Christine Kent, Whole Woman, Inc

Here is the part of the article that really spoke to me:

“Careful examination revealed that rather than weak tissue being unable to support the birthing process, it is often strong tissue offering resistance to the dynamics of labor that cause the majority of maternal injury.”

“Nichols and Randall observed that most birthing women do not have the urge to bear down with their contractions until the fetal head (or breech) begins to distend the pubococcygeus muscle. By this time the cervix is fully dilated and the presenting part can easily descend into the vagina with the force of contractions. The doctors gave very clear warnings of the damage most likely to occur if a woman were coached to push too early,”

And the article goes on to explain in more detail.


I was instructed by my midwife to push right when I was at 10 cm dilation.  At 9.5 cm, my midwife helped my baby’s head over an anterior cervical lip that was apparently causing an obstruction.


I felt completely uncoordinated with pushing.  I relied on my **midwife’s guidance 100%, and I remember telling her repeatedly that I just didn’t feel like I knew when to start and when to stop pushing.  This went on and on and on, seemingly without an end in sight.

It was postulated that perhaps baby wasn’t tucking his head OR perhaps he just barely fit through my pelvis OR perhaps his hands were up beside his ears (he constantly did that as a newborn) OR perhaps…???

My midwife said my pushes were STRONG and baby’s head made visible progress with each push, but in between pushes the head would go back in.  She specifically told me that it wasn’t because I was weak.  Who knows what the hang up was, but eventually my baby was born immediately after the cut.

But now I have to wonder if my problems were caused at least in large part because I started pushing WAY TOO SOON.

Putting more pieces of the puzzle together gives me a degree of peace, even though it doesn’t change the past.  My body felt literally tortured during childbirth, but now…

I am healed.

(**Note that I don’t blame my midwife for my current problems.  I don’t have any hard feelings toward her whatsoever.  Hindsight is 20/20 as they say.  During my post partum healing, she knew of my difficulties.  She said she thought about my birth a lot.  I know that she was probably second guessing her decisions just as much as I was playing the “what if” game.)

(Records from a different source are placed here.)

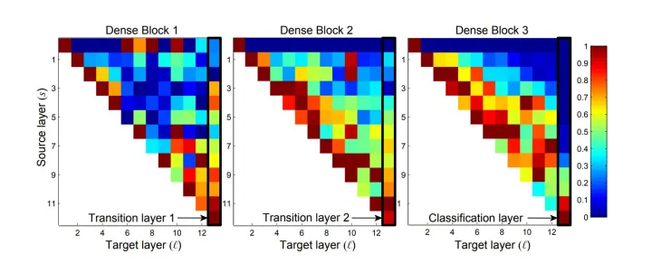 神经网络权重的热力图展示了不同层之间的连接强度,颜色越深表示连接越强
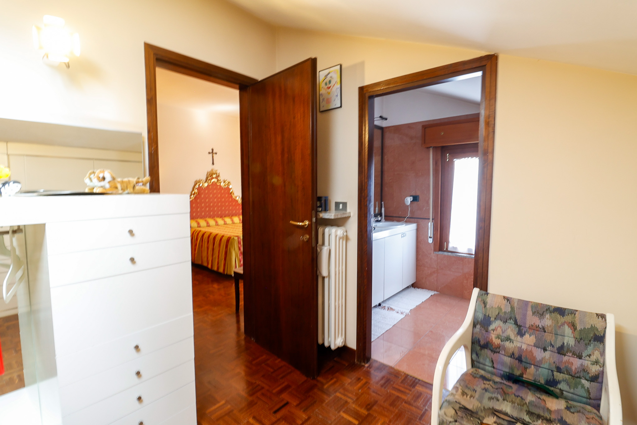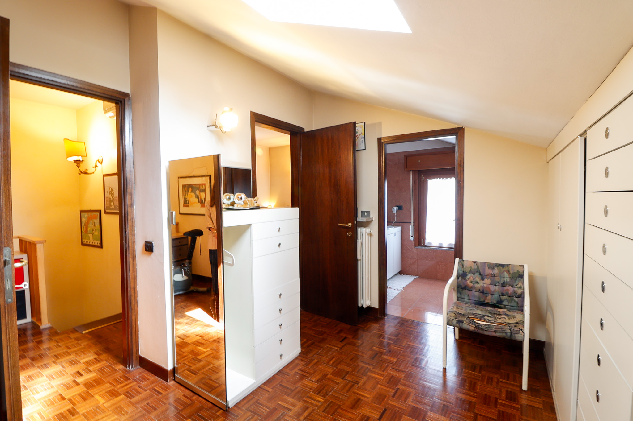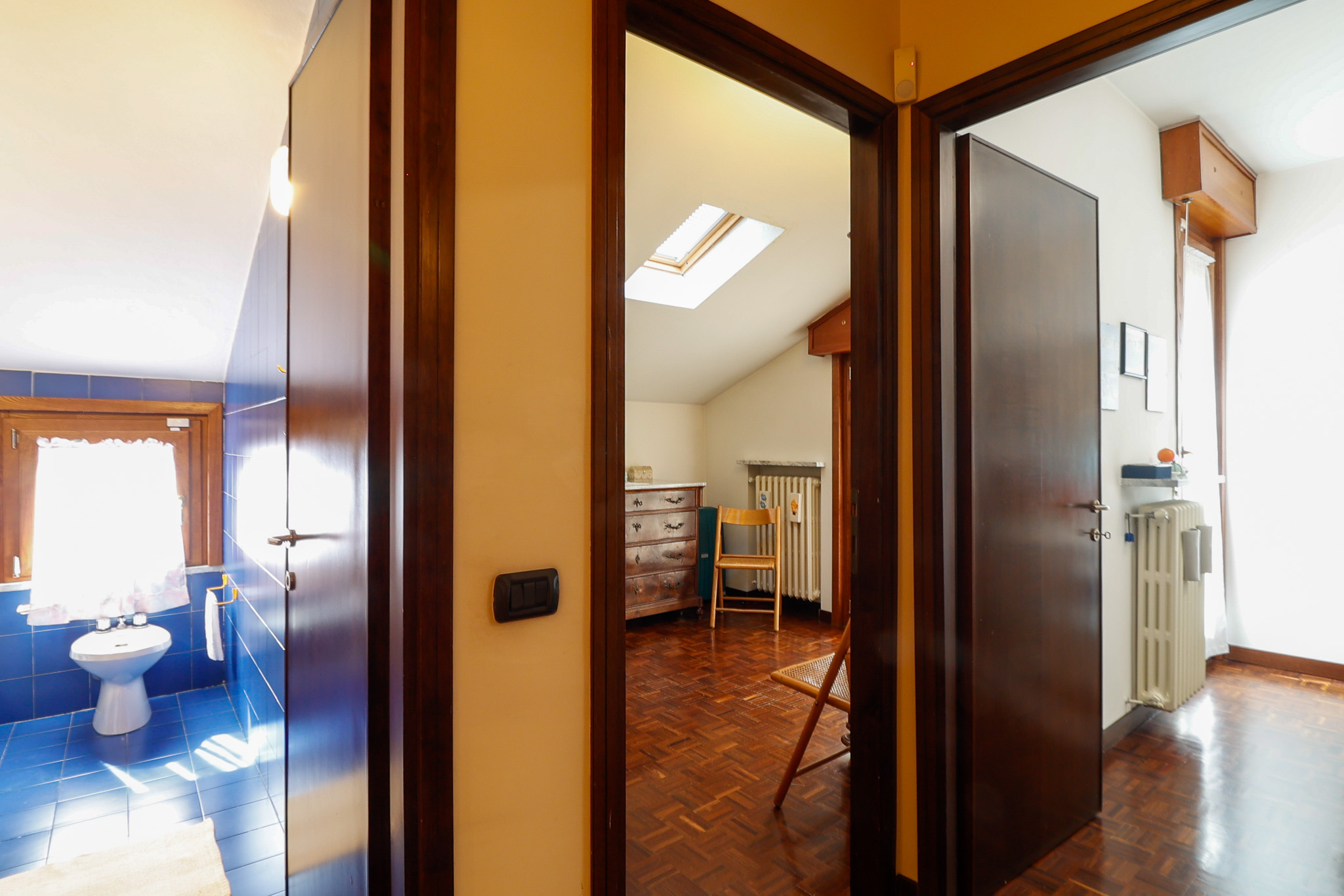 La pavimentazione in parquet nella zona giorno conferisce calore ed eleganza, mentre il resto dell’immobile conserva finiture originali degli anni ’80, offrendo così l’opportunità di essere reinterpretato e personalizzato secondo gusti e esigenze contemporanee, valorizzandone al meglio il grande potenziale.
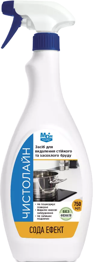 Миючий засіб «Чистолайн Сода Ефект» — це готовий до використання багатофункціональний засіб у вигляді прозорої рідини з приємним ароматом, до складу якого входять карбонат натрію, аніонні та неіоногенні ПАР, ароматизатор і консервант. Призначений для ефективного видалення стійких жирових, білкових, ґрунтових забруднень, сажі й кіптяви з широкого спектра поверхонь: алюмінієвих, склокерамічних, хромованих, керамічних, порцелянових, скляних, нержавіючої сталі та полімерів. Не залишає слідів, легко змивається і не пошкоджує делікатні матеріали.

One thought on “Pushing During Childbirth

  1. Your birth sounds very similar to mine. I never felt the urge to push and was coached the entire time. I chose my midwife because of her philosophy that “birth works when you let it” but my birth was not given a chance to take it’s natural course even though me and the baby were never in distress. Unfortunately my midwife was very dismissive of my prolapses and on going difficulties. She referred to the situation as “a normal occurance after birth”. She eventually did express that she was sorry I was having a hard time but that she did not regret any of the decisions she made and would make them again. I hope that I can come to a place of acceptance and forgiveness as you have. Thank you for sharing your story.